When everyone is finished, they take a step back. They’re heaving, sucking wind. Fritter is on the ground. His head is patchy. There are spaces where his dreadlocks should be. I shake loose from my father and run to him. The men see me. They start walking away. I get down on the ground and cradle Fritter’s head. His eyes are rolled back, but he’s breathing. I hold his face in my hands.
When he comes to, he says, “How did I do?”
He wants me to smile, and I smile.
I FIND A SPIGOT AND wring out Fritter’s shirt. I hand it to Dox, thinking he might want to tend to his son, but Dox shakes his head, which surprises me. I dab at places on Fritter’s swollen face.
“I’m fine,” Fritter says, shooing my hands away. “That was nothing.”
My father says we should head home and asks where we parked the truck. I tell him how it died on the road, how we happened upon a construction site and Fritter made us a raft.
“A raft?” My father shakes his head.
I nod and point over at the embankment by the river. There’s our contraption of a raft, splintered and all.
“You two rode that here?” Dox says.
Fritter smiles. The blood in his mouth outlines his teeth.
“A shame,” my father says, “it won’t be taking us back.”
And just like that, our raft becomes a poem.
* * *
We walk the full length of the downtown, though it’s hardly a feat. The downtown is only a handful of blocks with painted brick townhomes and storefronts sandwiching one another in a spectrum of pastels. Some of the people from the festival have been diverted to these stores like schools of fish through a series of weirs.
Crowds ripple along the sidewalks. Businesses sell antiques, mostly refurbished Civil War weapons and framed parchment papers. In little jewel boxes, pillowed in cotton, are pitted musket balls. They’ve been pulled from warped tree trunks or unearthed and pitched from tilled soil like random, obnoxious stones that scraped plow blades. My father wishes aloud that there could be a pawnshop close by. He points at the rusty tools in the canvas bag I’m still carrying. He thinks I don’t know what he’s up to, his mind already switching modes. He doesn’t once ask about the rod and the creel, though I know those would be the first to go.

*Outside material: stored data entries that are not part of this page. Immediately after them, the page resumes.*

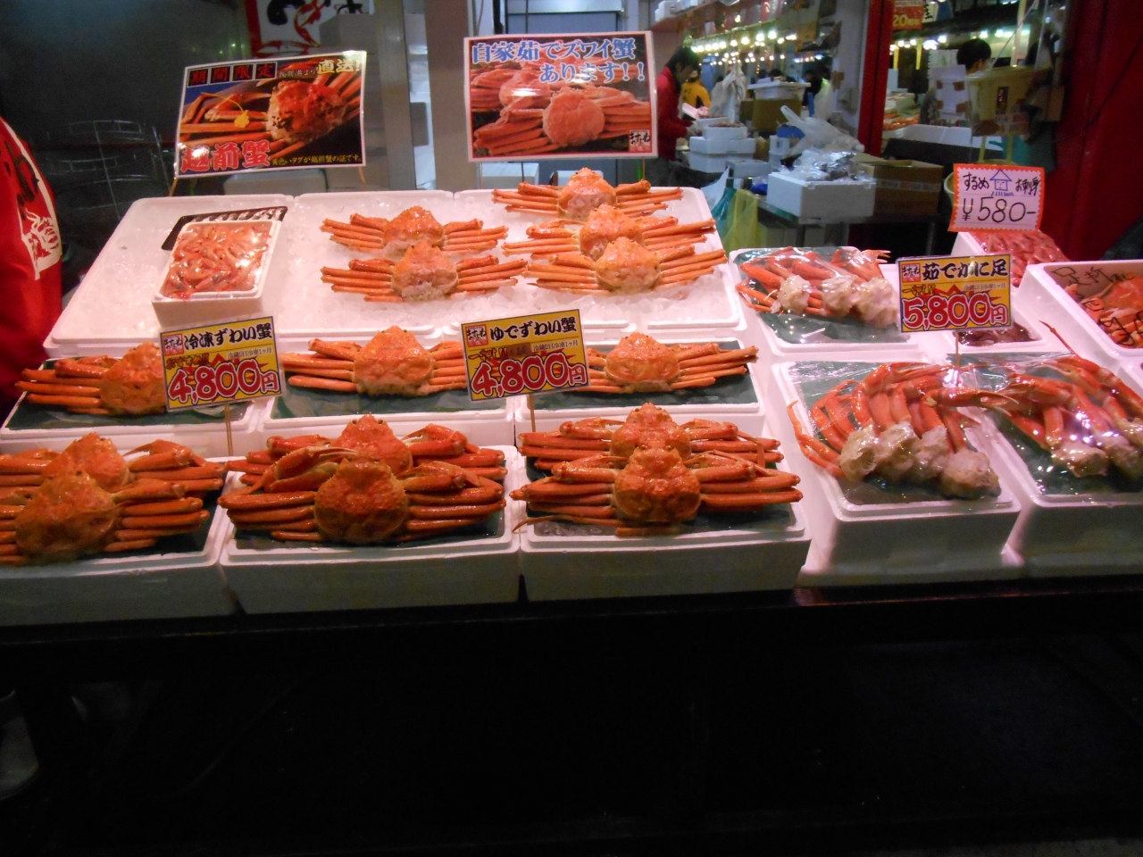 子どもが帰省するので、買い物にいきました。いろいろな海産物がやもとあり、どれにしようか迷いました。かにもいろいろなお店に、何軒もならんでいて、どのお店のものがいいのかわかりません。お店の人の一声で買いました。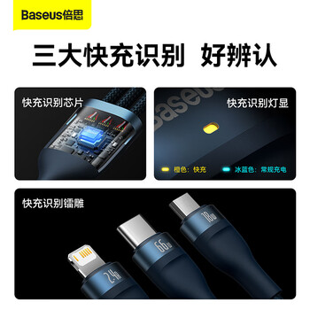 倍思 闪速系列2 一拖三快充数据线USB to M+L+C 66W 1.2m 蓝色*1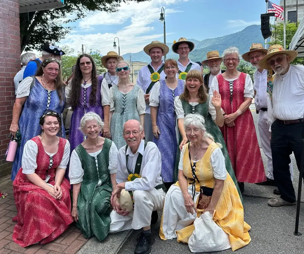 We perform solo and often tour with other Morris groups in the Asheville area and the Morris teams at the John C. Campbell Folk School. We occasionally perform with other dance groups in the US and abroad.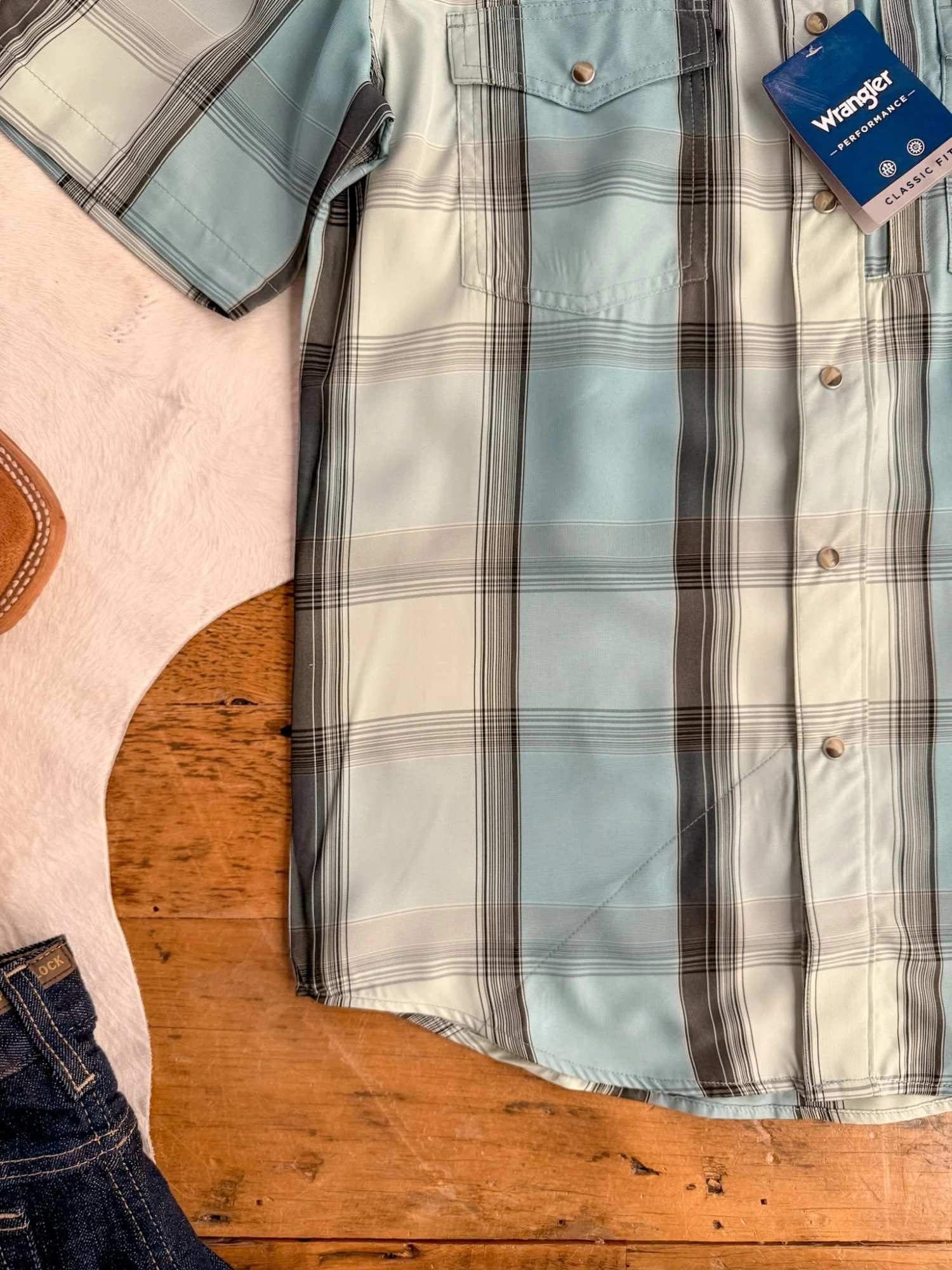 - Men’s performance short sleeve snap summary shirt.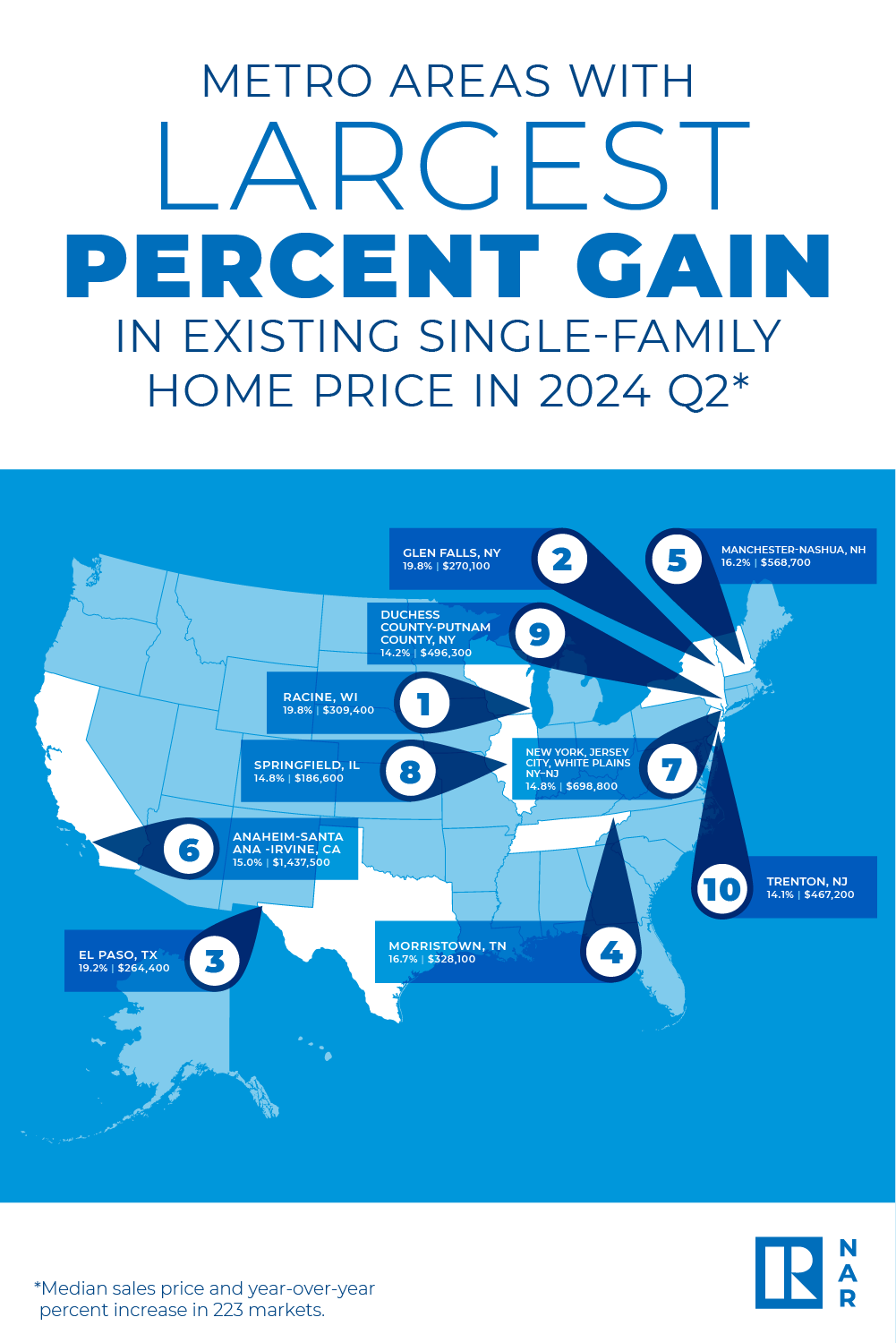 The top 10 metro areas with the largest year-over-year median price increases, which can be influenced by the types of homes sold during the quarter, all posted gains of at least 14.1%. Five of the markets were in the Northeast. Overall, those markets were Racine, Wis. (19.8%); Glens Falls, NY (19.8%); El Paso, TX (19.2%); Morristown, TN (16.7%); Manchester-Nashua, NH (16.2%); Anaheim-Santa Ana-Irvine, CA (15.0%); New York-Jersey City-White Plains, NY-NJ (14.8%); Springfield, IL (14.8%); Dutchess County-Putnam County, NY (14.2%); and Trenton, NJ (14.1%).

“If only we could get our hands on some money,” he says.
A few girls my age walk by us on the sidewalk. They look back and laugh.
* * *
We pass more storefronts. In one is a pale blue summer dress. It drapes on a faceless mannequin. I turn away.
/> The main street ends at a cobblestone pavilion with a gazebo overlooking the bridge Fritter and I drifted under this morning. My father and Dox walk over to a bench under the gazebo and plop down. I keep forgetting my father is spent. Dox is no spring chicken either. Fritter hobbles up, takes the end next to Dox, and lets out a sigh. These men are a sad bunch.
I set our things on the ground next to Fritter.
“Where are you going?” my father says.
“Nowhere.” I keep on going.
It might be good to see the dress after all.
* * *
The girls from earlier have stopped in front of the same store. They’re in dresses, too, with matching suede ankle boots. Both have straight auburn hair with bangs. Their faces are drawn and long like those of baby alpacas, their eyes lashy and dark. I don’t mean that as a dig. These girls are pretty in their own way.
I stop at the storefront, too, but keep my distance from them. They see me and smile.
I smile back. “Hey.”
They don’t answer. They laugh and walk off.
They leave me alone.
* * *
In my reflection, I see what they see. My hair is a rat’s nest. My face is more dirt than face. Dried blood is on my shirt from holding Fritter’s head. My chest isn’t even there.
“Hey,” I say to myself.
My reflection keeps laughing at me.
* * *
When I head back to the gazebo, I hear mostly minor chords and screech. My father doesn’t miss a beat. He’s tied the hospital gown around his neck and has a shit-eating grin on his face. With the wooden spoon, he slaps the bottom of the overturned bucket, right in the molded bull’s-eye. He lifts the bucket up and down so the rim, which is flush with the ground, produces a deep-sounding bass. Fritter winces but sings. Dox is sweet Dox.